Capítulo 106: Sereia de Cabelos Prateados
No outro lado da Nebulosa Leighton, no planeta T46. No vasto aeroporto, a nave de transporte Medusa repousava silenciosa. Um grupo movimentava-se apressadamente para cima e para baixo. Na passagem de carga, vários contêineres de chumbo eram cuidadosamente retirados das cabines por máquinas industriais e colocados em caixas seladas já preparadas. Não muito longe, o capitão Harry permanecia com os braços cruzados, observando os tripulantes descarregarem a carga, um leve sorriso adornando seu rosto.
Seu humor estava bom, pois, após uma série de perigos, finalmente haviam chegado ao destino. Agora, bastava descarregar a carga, e nada mais lhe restava a fazer.
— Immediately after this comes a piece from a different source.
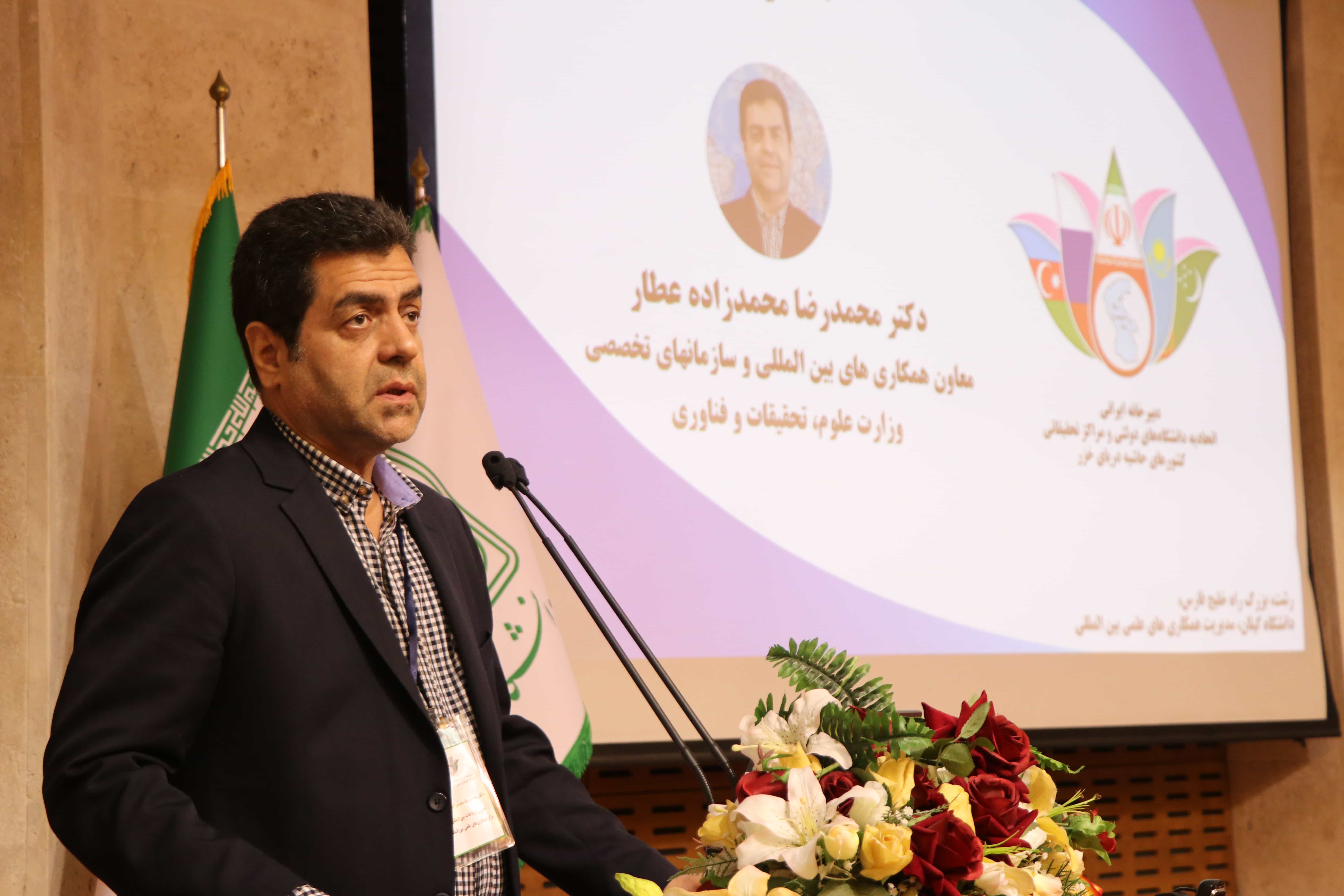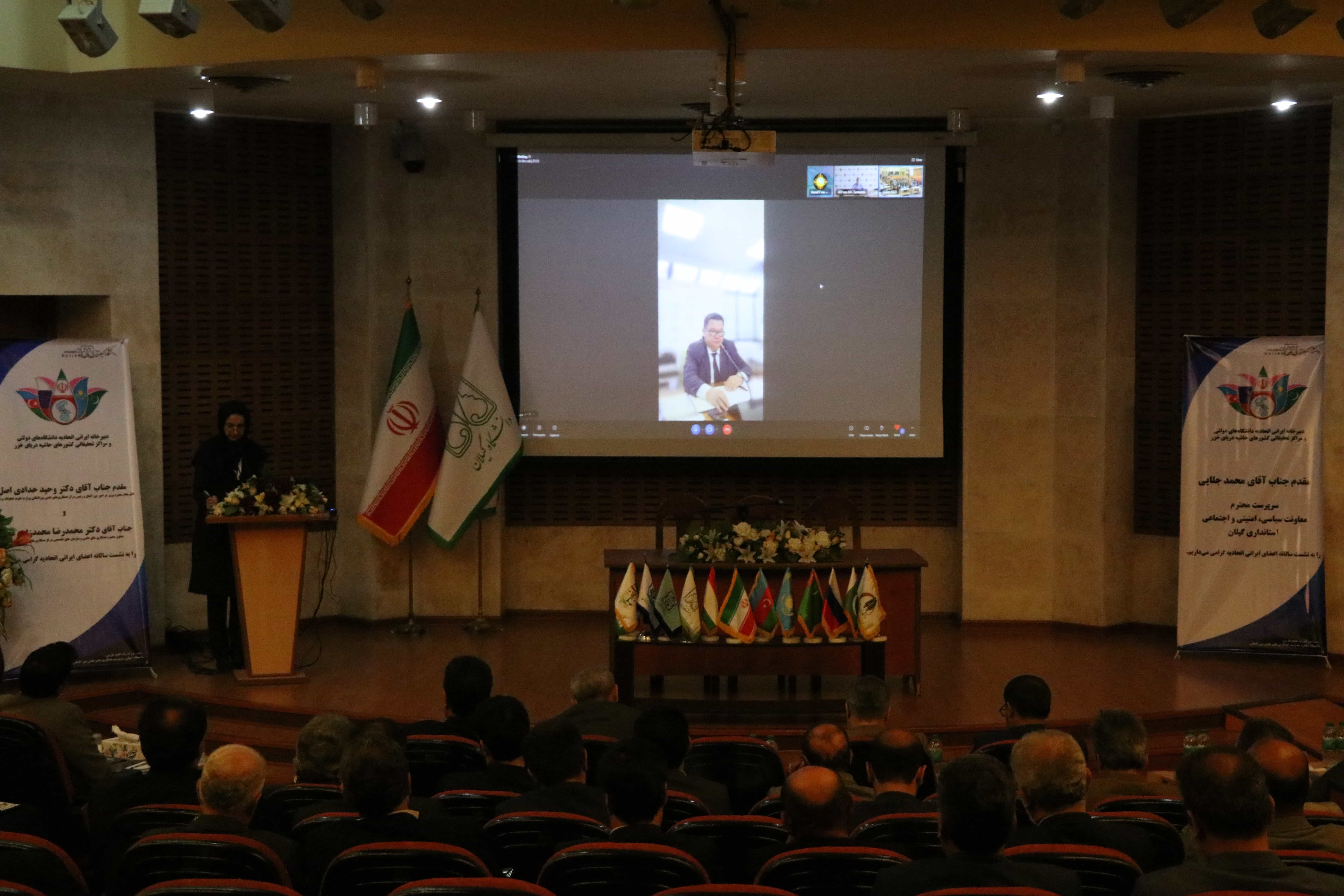 رئیس دورهای اتحادیه و رئیس دانشگاه کالمیکیا و همچنین معاون بینالملل دانشگاه دولتی آستراخان فدراسیون روسیه از مهمانان بینالمللی این نشست بودند. دکتر بادما سالایف (رئیس اتحادیه) در این جلسه، اتحادیه را یک فرصت بینظیر برای گسترش و تقویت همکاریهای بینمنطقهای و بینالمللی عنوان کرد و افزود: دانشگاهها محلی برای برگزاری رویدادهای علمی و علمی-عملی تبدیل شده و جامعه علمی و آموزشی دانشگاهها و موسسات تحقیقاتی کشورهای حاشیه کاسپین را متحد میکند. وی همچنین از دانشگاه گیلان برای مساعدت انجام شده در خصوص رفع مشکل جذب استاد آموزش زبان فارسی در دانشگاه کالمیکیا قدردانی نموده و عملکرد استاد اعزام شده را موفقیتآمیز ارزیابی نمود. خانم دکتر فادینا (معاون بینالملل دانشگاه دولتی آستراخان) نیز ضمن معرفی عملکرد این دانشگاه بعنوان مسئول کمیته علم، تحقیقات و فناوری اتحادیه اذعان داشت که بایستی از تلاشهای دانشمندان جوان، بیشتر حمایت شود. وی ابراز امیدواری کرد که کمیته علم، تحقیقات و فناوری مبنای مهمی برای توسعه ارتباطات علمی بین محققان اتحادیه باشد و بعنوان پلی برای روابط دوستانه، دانشگاههای ما را با دانش جدید، اغنا نماید.

Ao seu lado, Sangue de Olho permanecia quieto, com a expressão fria como sempre.
Ao notar o olhar cansado, mas ainda focado, de Sangue de Olho, o velho Harry deu de ombros com resignação, tirou um charuto do bolso e o ofereceu.
“Não se leve tão a sério, Sangue de Olho. Meus filhos são competentes; não deixarão que essas mercadorias sofram qualquer dano. Sei que você é responsável, mas acho que deveria descansar um pouco. Isso faria bem para você.”
A demonstração de preocupação do velho Harry era algo raro; todos os tripulantes sabiam que ele era uma pessoa rigorosa e tradicional, e receber um elogio de sua boca era quase impossível. Contudo, agora, ele expressava calorosamente sua preocupação pela saúde de Sangue de Olho, o que certamente surpreenderia os outros se vissem.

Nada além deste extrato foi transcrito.